| Startup offers me a 3 month contract to develop an iOS app, promise of future employment at market rate (and further equity then) First technical hire in a 3 person founding team. Seed funding only. The offer me a paltry salary way below market rate, I counter offer with an offer above market rate for yearly employment (but below for an actual contract to build an app if I was charging hourly). They call me and try to explain what the finances of a startup are like, etc, ask me to name my minimum, I refuse and tell them the ball is on their court. Few hours later I get a new offer that is 275% of the original. Going from original 4k/month 1099 towards 11k/month W2. 1% equity on both offers. Note: there were 3 different offers that balance equity and pay (1k salary difference per 0.5% in the last offer). Equity vests fully at the end of the 3 month contract, they claim it's not common stock. Company believes in valuation of 30 to 150 million (I am unsure). A founder knows me from a previous company and also knew my salary. What should I make of such a huge change? Is it just terrible negotiation on their part? What is the takeaway from this as a first impression? While the new offer is something that can be considered, it has brought up a lot of questions. The initial offer was so ridiculously low that it shocked me. The market is Seattle btw. |
> Going from original 4k/month 1099 towards 11k/month W2. 1% equity on both offers.

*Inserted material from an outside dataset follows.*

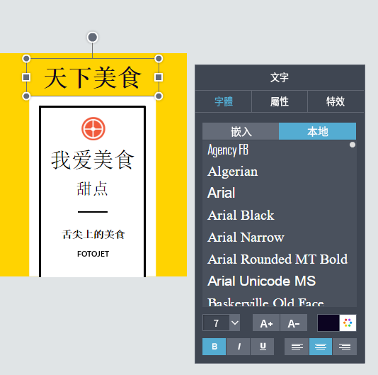 然後你可以根據自己的需求添加文字並修改文字樣式。FotoJet提供內置文字字體並允許用戶從本地使用自己電腦上的文字字體,最大限度滿足了用戶需求。如果你有自己喜歡的字體,可以直接下載到自己的電腦上,然後在“本地”字體裡就可以直接應用了。還可以隨意調節文子的顏色,大小,對齊方式,等。
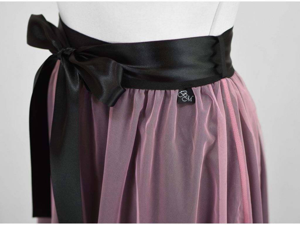 Půlkolová sukně - guma - černá a světle růžový tyl

> Equity vests fully at the end of the 3 month contract, they claim it's not common stock. Company believes in valuation of 30 to 150 million (I am unsure).
1. Adding your $11,000/month salary on to exiting burn, how much runway will the seed funding last assuming no additional funding? Your salary means nothing if the company is at risk of not being able to make payroll in 3 months. If you think that startups don't take on financial obligations they're not sure they'll be able to meet in order to get something they need now, think again. It happens all the time.
2. A company with seed funding talking about a valuation of $30 to $150 million is insane. You would be wise to ask what the company's last 409A valuation was. That's the only valuation that really matters to you at this point.
3. I would be wary of a company offering 1% equity vesting fully in 3 months, especially to a contractor or employee earning market rate. It's not typical and will be looked at very unfavorably by prospective investors.
4. It would be highly unusual for a company to offer you anything other than standard options. Not only would an outright grant of stock likely create tax implications for you, such a grant would likely be seen by investors as hair on the deal in future financings.
A lot of what you've stated is atypical and you should ask for an offer in writing so that you can confirm the terms and review them with trusted counsel.